Could you transcribe exactly the lines below, from the line with "Fig. 1: Results" through the line with "Lisdexamfetamin (Elvanse) ist", and nothing else, leaving out the pictures?

**Records contained in a dataset**
----------------
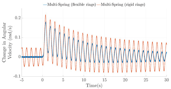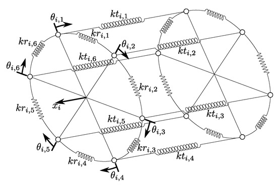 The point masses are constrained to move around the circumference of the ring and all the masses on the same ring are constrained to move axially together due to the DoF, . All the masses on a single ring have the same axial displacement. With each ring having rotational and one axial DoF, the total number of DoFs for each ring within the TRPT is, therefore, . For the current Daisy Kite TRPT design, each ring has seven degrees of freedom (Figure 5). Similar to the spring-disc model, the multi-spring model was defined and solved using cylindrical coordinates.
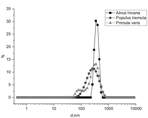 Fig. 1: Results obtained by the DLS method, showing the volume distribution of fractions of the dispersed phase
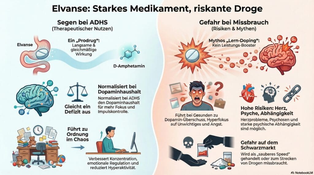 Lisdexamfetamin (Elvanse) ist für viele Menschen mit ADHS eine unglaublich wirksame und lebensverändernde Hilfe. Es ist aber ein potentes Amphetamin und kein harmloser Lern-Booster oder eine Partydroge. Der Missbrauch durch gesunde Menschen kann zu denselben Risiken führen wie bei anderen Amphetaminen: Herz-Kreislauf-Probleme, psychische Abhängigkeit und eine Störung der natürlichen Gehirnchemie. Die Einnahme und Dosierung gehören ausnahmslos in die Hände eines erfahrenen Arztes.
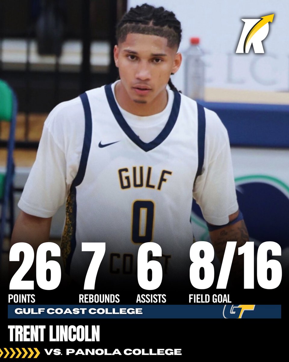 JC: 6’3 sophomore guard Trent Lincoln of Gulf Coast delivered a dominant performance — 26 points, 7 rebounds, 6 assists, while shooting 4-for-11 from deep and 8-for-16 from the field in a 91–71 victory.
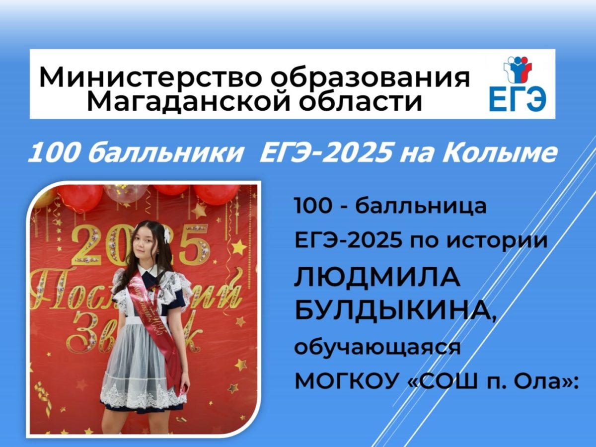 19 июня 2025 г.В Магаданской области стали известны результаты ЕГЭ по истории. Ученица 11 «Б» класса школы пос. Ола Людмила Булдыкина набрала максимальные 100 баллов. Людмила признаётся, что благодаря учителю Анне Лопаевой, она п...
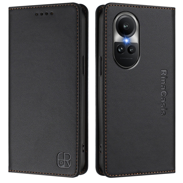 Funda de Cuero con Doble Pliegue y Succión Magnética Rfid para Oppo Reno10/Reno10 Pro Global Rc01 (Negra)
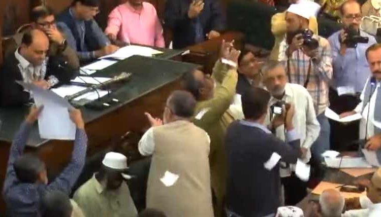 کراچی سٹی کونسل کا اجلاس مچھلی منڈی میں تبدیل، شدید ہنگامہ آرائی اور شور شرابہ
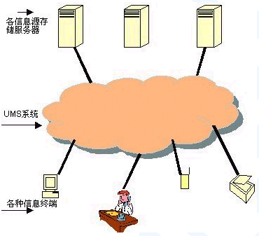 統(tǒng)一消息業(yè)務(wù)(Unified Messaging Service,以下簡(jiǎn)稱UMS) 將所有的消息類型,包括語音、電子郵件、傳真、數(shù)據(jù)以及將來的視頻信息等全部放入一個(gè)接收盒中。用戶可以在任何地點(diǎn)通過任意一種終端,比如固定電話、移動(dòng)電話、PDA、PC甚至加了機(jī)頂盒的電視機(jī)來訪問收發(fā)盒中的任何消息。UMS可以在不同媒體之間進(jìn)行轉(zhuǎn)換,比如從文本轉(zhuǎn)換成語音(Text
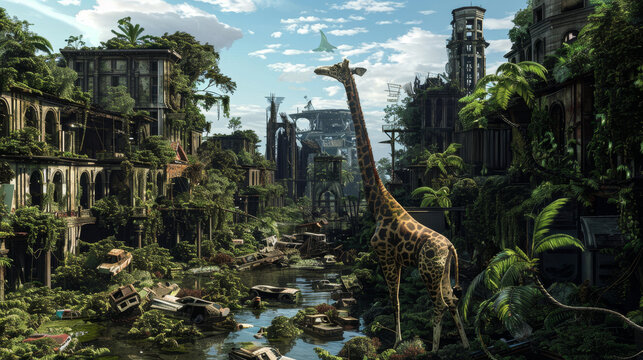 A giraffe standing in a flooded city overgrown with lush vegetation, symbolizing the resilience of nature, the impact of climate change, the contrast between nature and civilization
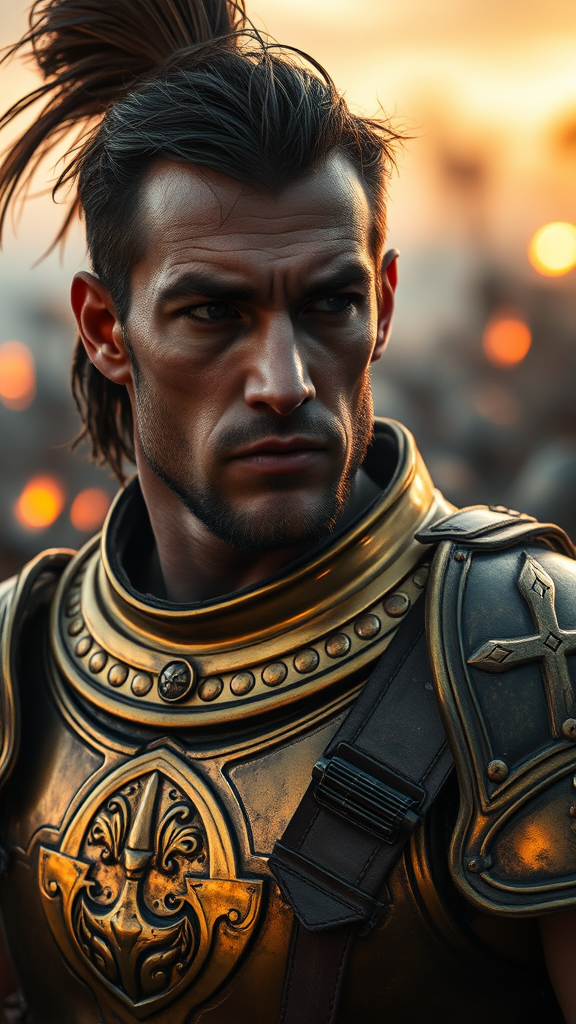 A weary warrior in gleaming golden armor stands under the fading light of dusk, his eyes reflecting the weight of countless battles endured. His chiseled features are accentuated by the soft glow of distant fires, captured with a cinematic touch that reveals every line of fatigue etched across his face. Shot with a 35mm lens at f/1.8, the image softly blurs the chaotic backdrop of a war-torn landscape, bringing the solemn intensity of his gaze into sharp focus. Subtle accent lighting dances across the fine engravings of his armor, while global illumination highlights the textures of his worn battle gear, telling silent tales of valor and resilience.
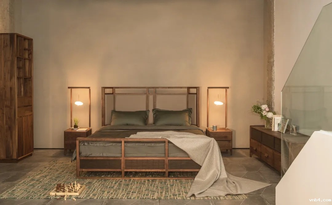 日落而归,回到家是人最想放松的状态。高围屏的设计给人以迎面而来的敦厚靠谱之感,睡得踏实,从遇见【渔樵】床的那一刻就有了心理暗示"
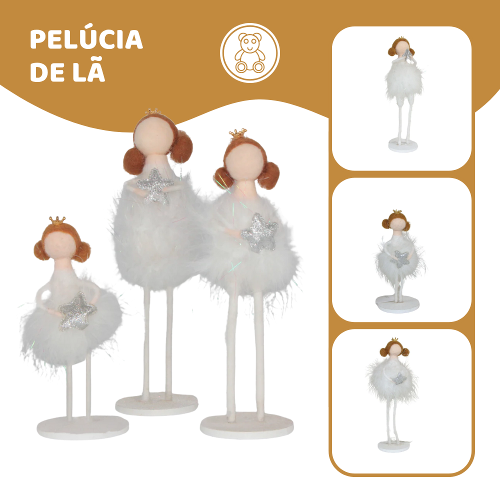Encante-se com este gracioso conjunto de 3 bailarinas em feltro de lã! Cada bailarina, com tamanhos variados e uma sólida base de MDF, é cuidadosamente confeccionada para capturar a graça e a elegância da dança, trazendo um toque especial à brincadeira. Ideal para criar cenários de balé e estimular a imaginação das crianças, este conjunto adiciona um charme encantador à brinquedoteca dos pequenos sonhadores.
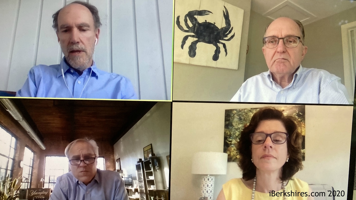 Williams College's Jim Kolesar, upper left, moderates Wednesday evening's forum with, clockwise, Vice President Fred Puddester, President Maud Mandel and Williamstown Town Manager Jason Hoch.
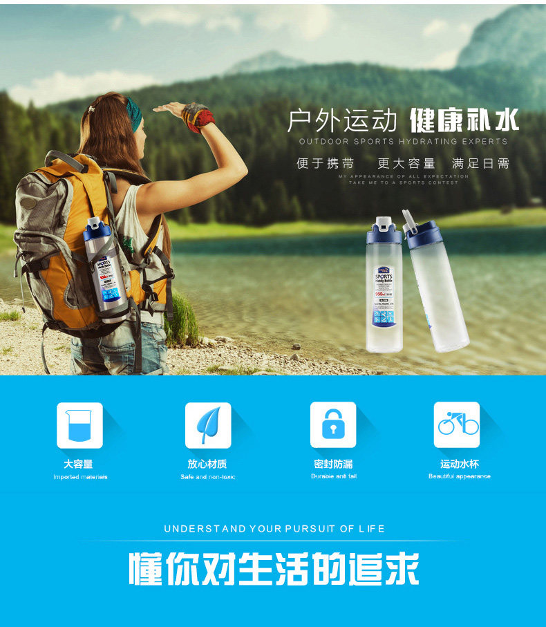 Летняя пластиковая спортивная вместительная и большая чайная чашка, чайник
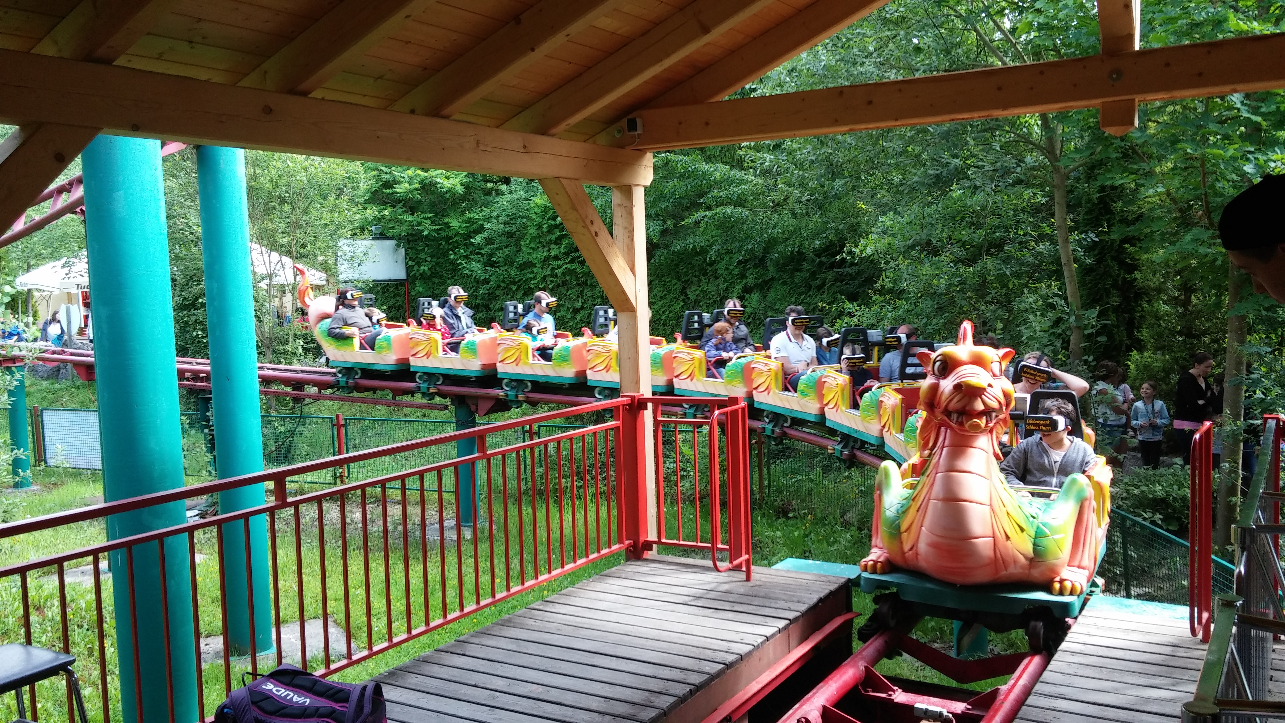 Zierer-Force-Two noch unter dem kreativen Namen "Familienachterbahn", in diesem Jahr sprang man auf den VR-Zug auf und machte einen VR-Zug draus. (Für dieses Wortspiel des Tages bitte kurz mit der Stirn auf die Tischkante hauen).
----------------
**Output of the task**
 Fig. 1: Results obtained by the DLS method, showing the volume distribution of fractions of the dispersed phase
 Lisdexamfetamin (Elvanse) ist für viele Menschen mit ADHS eine unglaublich wirksame und lebensverändernde Hilfe. Es ist aber ein potentes Amphetamin und kein harmloser Lern-Booster oder eine Partydroge. Der Missbrauch durch gesunde Menschen kann zu denselben Risiken führen wie bei anderen Amphetaminen: Herz-Kreislauf-Probleme, psychische Abhängigkeit und eine Störung der natürlichen Gehirnchemie. Die Einnahme und Dosierung gehören ausnahmslos in die Hände eines erfahrenen Arztes.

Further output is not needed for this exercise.